La linea difensiva parte da Lorenzo Carissoni a destra. Il suo gol vale il 2-0 della Juve Stabia e nasce in campo aperto, quindi dentro una lettura tattica precisa: dopo un primo tempo sofferto, la squadra di Abate corregge gli assetti, alza l’efficacia delle transizioni e colpisce il Cesena anche con l’esterno che attacca da destra verso l’area. Al centro merita spazio Marco Varnier, oltre a sbloccare la partita su sviluppo da corner, aggiunge un contributo concreto a una difesa che resiste alla prima fase di pressione romagnola.
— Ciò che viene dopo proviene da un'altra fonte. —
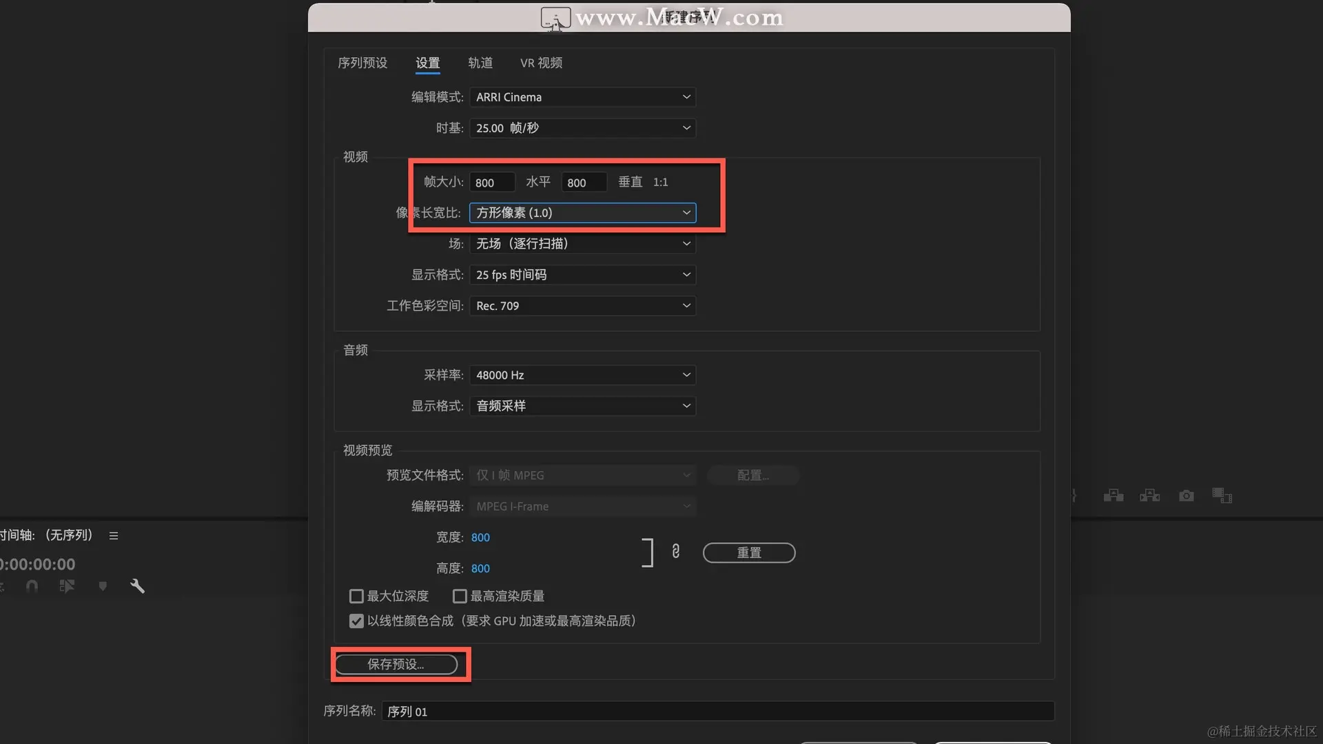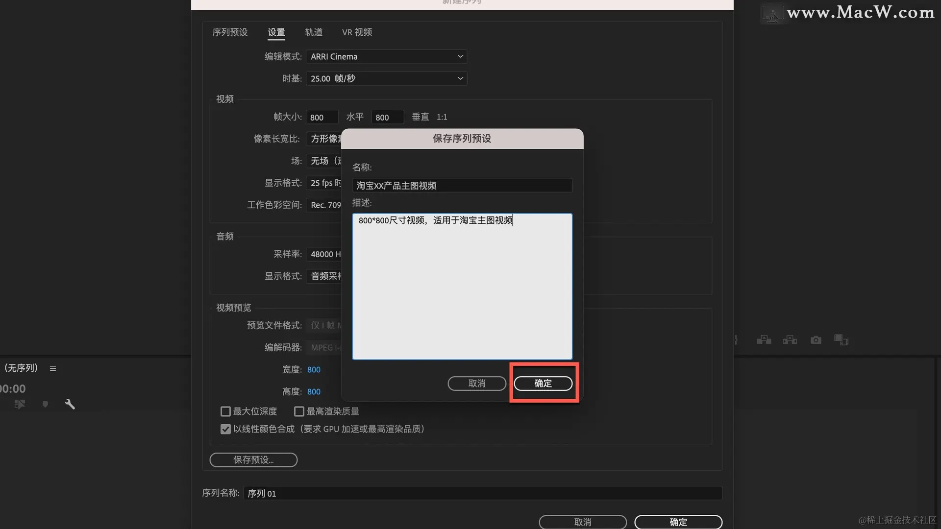 例如我们要做淘宝主图视频,就在帧大小中改为800*800,下方像素长宽比改为方形像素,点击左下角的保存预设...

Accanto a lui Nicola Pietrangeli, che porta in dote il gol dell’1-1 del Südtirol con un colpo di testa da distanza ravvicinata su corner. A sinistra c’è Ridgeciano Haps, che segna il vantaggio del Venezia con un sinistro da fuori area su sviluppo di corner. Al di là del pareggio finale, la sua partita pesa perché arriva dentro una gara inizialmente controllata dai lagunari.
Le scelte a centrocampo e in attacco
In mezzo al campo il primo nome è Pedro Obiang. Il suo inserimento decide l’1-0 del Monza su imbucata di Petagna, ma il punto è soprattutto tattico: arriva da mezzala dentro l’area e trasforma il dominio territoriale brianzolo in vantaggio concreto. Con lui Matteo Pessina, perché firma il 2-0 ma soprattutto occupa entrambe le aree: nel primo tempo salva in ripiegamento su Moncini, nel finale attacca il primo palo e chiude una partita in cui il Monza aveva già prodotto molto con continuità. Infine, la terza maglia va a Filippo Ranocchia. Nel pari tra Frosinone e Palermo trova l’1-1 con un sinistro da fuori area, dopo aver già costretto Palmisani a un’importante parata nel primo tempo.
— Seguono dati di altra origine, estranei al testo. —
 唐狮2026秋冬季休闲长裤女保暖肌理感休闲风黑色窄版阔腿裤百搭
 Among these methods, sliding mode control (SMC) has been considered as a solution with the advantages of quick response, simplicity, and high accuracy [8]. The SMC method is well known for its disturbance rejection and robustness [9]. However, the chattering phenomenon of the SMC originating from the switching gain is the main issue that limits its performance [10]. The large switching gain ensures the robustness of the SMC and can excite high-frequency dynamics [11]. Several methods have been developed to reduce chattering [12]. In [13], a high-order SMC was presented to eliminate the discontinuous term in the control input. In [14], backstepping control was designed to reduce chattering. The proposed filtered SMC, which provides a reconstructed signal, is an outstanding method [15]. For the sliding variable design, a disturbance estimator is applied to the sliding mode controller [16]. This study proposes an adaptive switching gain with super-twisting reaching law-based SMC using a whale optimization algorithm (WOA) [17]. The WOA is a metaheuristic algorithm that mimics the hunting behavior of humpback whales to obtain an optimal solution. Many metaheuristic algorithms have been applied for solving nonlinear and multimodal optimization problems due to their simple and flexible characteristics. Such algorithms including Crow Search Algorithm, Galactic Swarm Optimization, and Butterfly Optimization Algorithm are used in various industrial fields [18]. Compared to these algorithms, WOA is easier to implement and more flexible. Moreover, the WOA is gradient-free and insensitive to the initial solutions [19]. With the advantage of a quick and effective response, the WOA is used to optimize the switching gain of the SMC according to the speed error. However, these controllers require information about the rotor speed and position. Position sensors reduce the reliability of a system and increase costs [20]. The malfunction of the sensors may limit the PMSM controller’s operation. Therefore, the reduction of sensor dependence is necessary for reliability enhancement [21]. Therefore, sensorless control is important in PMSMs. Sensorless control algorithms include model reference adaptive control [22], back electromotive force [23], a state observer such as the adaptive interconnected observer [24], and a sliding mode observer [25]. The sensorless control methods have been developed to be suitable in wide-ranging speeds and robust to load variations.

Nel terzetto offensivo trova spazio Davide Bragantini. Il suo gol a Spezia è tecnicamente di alto livello, perché nasce da una ricezione esterna e si chiude con un sinistro da fuori area nell’angolo basso. Al centro dell’attacco c’è Mattia Bortolussi, che oltre a decidere Padova-Empoli all’84’ sugli sviluppi di un corner, ha garantito per tutti i 90 minuti presenza costante e pulizia nella manovra offensiva, contribuendo a un Padova capace di chiudere la partita con 16 tiri, di cui 7 nello specchio.
Completa il tridente Nicolò Buso. Entrato a gara in corso, ha firmato il 2-0 del Mantova con un destro da fuori sotto la traversa, chiudendo una partita dominata per lunghi tratti ma rimasta aperta nel punteggio fino a quel momento.